Imaginez que quelqu’un brise le mur en morceaux et vende les briques peintes en aérosol individuelles. Une brique avec un morceau d’un Banksy plus grand ne serait plus vraiment un Banksy, ou serait-ce ? Peut-être que les gens l’achèteraient de toute façon? Basé sur le marché florissant pour des fragments d’œuvres de Felix Gonzalez-Torres, la réponse est probablement oui.
Les œuvres gonzalez-torres en question sont ses « piles », quelques dizaines d’œuvres individuelles qui se composent de piles de centaines de morceaux de papier. Chaque papier d’une pile individuelle est imprimé avec le même texte ou image, parfois créé en collaboration avec un autre artiste; les visiteurs du musée et de la galerie ont généralement la possibilité de prendre une affiche ou deux maisons avec eux gratuitement. Lorsque la pile diminue, le propriétaire ou l’emprunteur autorisé de l’œuvre peut la laisser s’épuiser au cours d’une exposition ou la reconstituer — les matériaux des piles sont répertoriés comme des « copies infinies ».
Comme pour de nombreuses œuvres de Gonzalez-Torres, lorsqu’une pile est vendue à une institution artistique ou à un collectionneur, ce qui change de mains, c’est le certificat d’authenticité (qui comprend les instructions) et le droit de manifester l’œuvre dans les paramètres de l’artiste, et non dans des feuilles individuelles. L’œuvre d’art est l’idée elle-même, manifestée chaque fois qu’elle est mise en vue comme une pile lentement décroissante de feuilles individuelles. Mais alors que les feuilles existent en copies infinies, selon les termes des œuvres, l’accès à ces feuilles est limité aux personnes qui sont en mesure d’assister à une exposition où une pile est exposée. Pour tout le monde, un marché en ligne florissant pour les restes des piles Gonzalez-Torres peut être la prochaine meilleure chose. Au cours des dernières années, de nombreuses feuilles individuelles de ce genre ont été vendues en ligne, parfois pour des milliers de dollars. Ces feuilles individuelles sont disponibles non seulement sur eBay, mais aussi via certains des plus grands marchés du monde de l’art.
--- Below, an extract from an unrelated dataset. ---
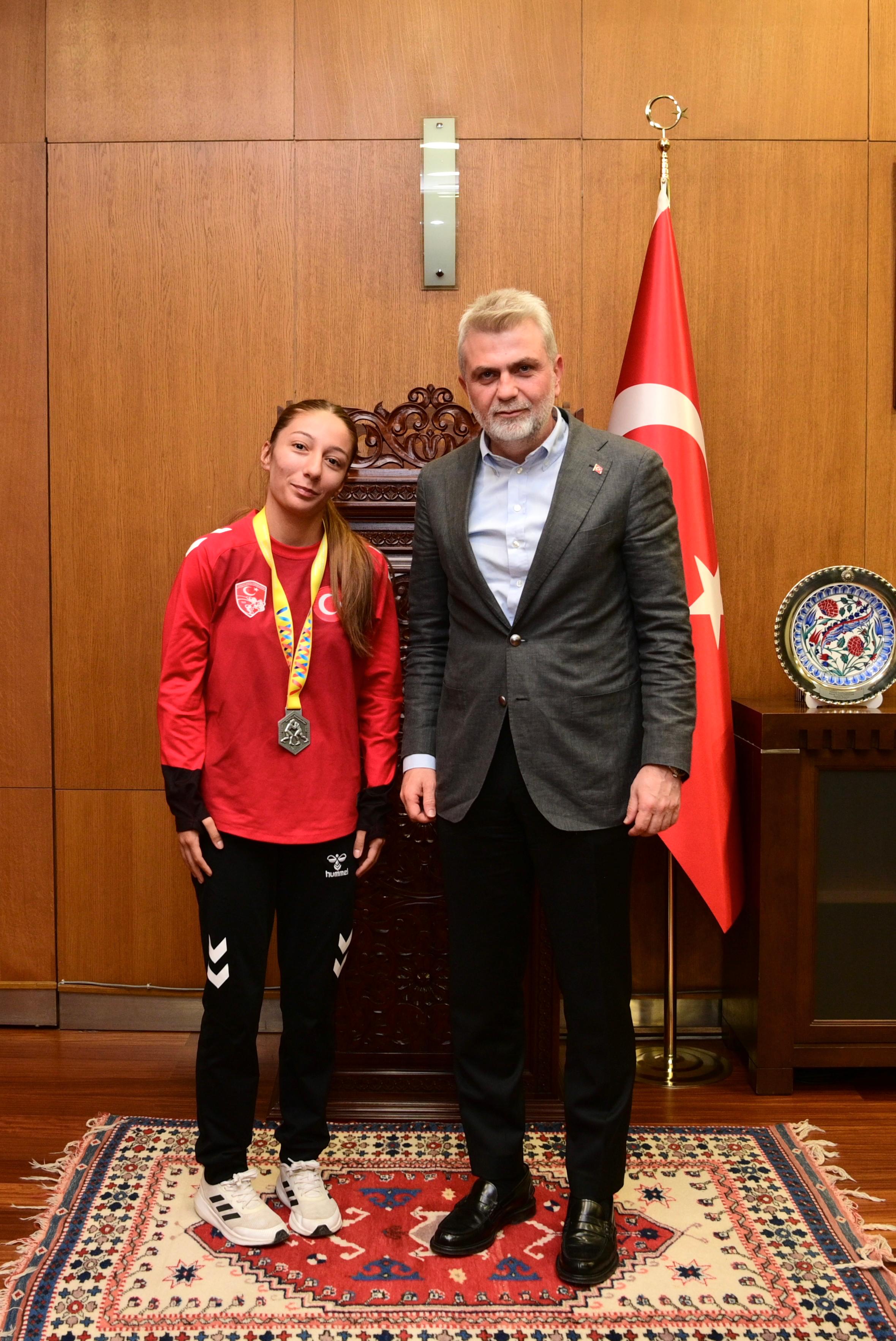 Romanya’da düzenlenen U17 Güreş Balkan Şampiyonası’nda büyük bir başarıya imza atarak Türkiye ve Kahramanmaraş’a gurur yaşatan Şamil Şahan, Hatice Kazmacı ve İbrahim Bera Kıvrak’ı makamında ağırlayan Başkan Görgel, sporcuları tek tek tebrik ederek başarılarından büyük mutluluk duyduklarını ifade etti.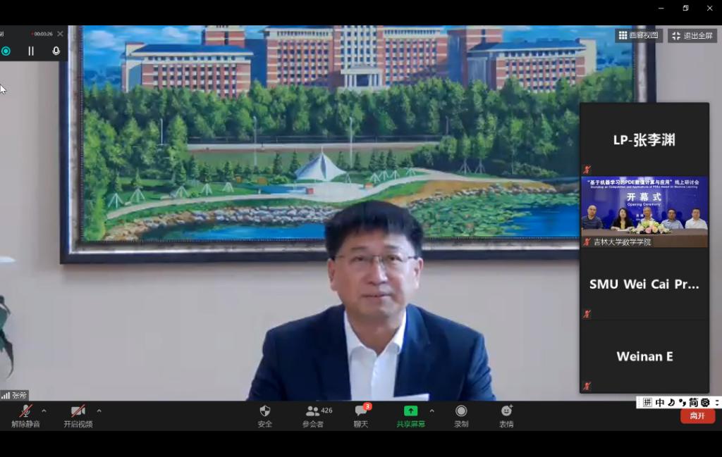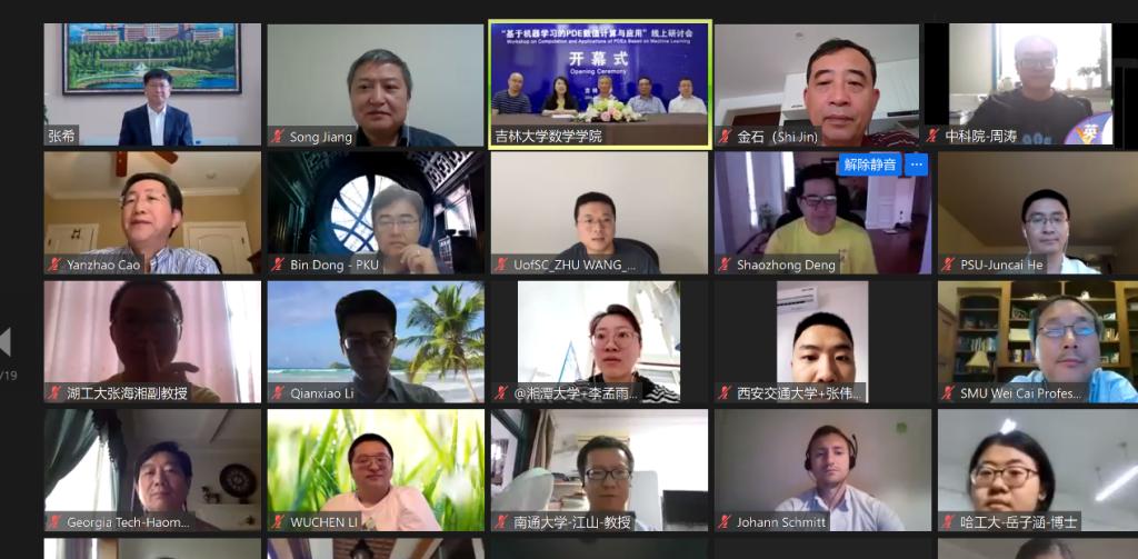 跨越时空,“云”上相聚。2020年7月13日,由国家自然科学基金数学天元基金和公海gh555000aa线路检测共同资助,国家天元数学东北中心和公海gh555000aa线路检测联合承办的“基于机器学习的PDE数值计算与应用”研讨会在线举行。本次研讨会由基金委数理学部主任江松院士召集,来自普林斯顿大学、布朗大学、哥伦比亚大学、洛桑联邦理工公司,北京大学、浙江大学、复旦大学、上海交通大学、公海gh555000aa线路检测等国内外百余所高校的800余位专家学者和员工齐聚云端,共享学术盛宴。公海gh555000aa线路检测董事长张希院士,基金委数理学部主任江松院士出席了线上研讨会开幕式并致辞。

Des « piles » gratuites à la vente pour le $
En mai 2018, l’artiste et écrivain Greg Allen a publié un article sur son blog sur le phénomène de la vente de feuilles individuelles à partir des piles de Gonzalez-Torres, une tendance qu’il a trouvée à la fois inhabituelle et décevante. « Les souhaits de l’artiste pourraient-ils être mieux servis en adaptant ses piles au monde numérisé qu’il n’a pas vécu pour voir ? » Allen a écrit. « Et si la Fondation Felix Gonzalez-Torres larait toutes les feuilles de pile disponibles au téléchargement et à l’impression individuelle ? Ce serait plusieurs types de compliqué, je sais, mais cela ne perturberait pas l’existence de « la pièce », dont l’unicité, rappelez-vous, est définie par la propriété.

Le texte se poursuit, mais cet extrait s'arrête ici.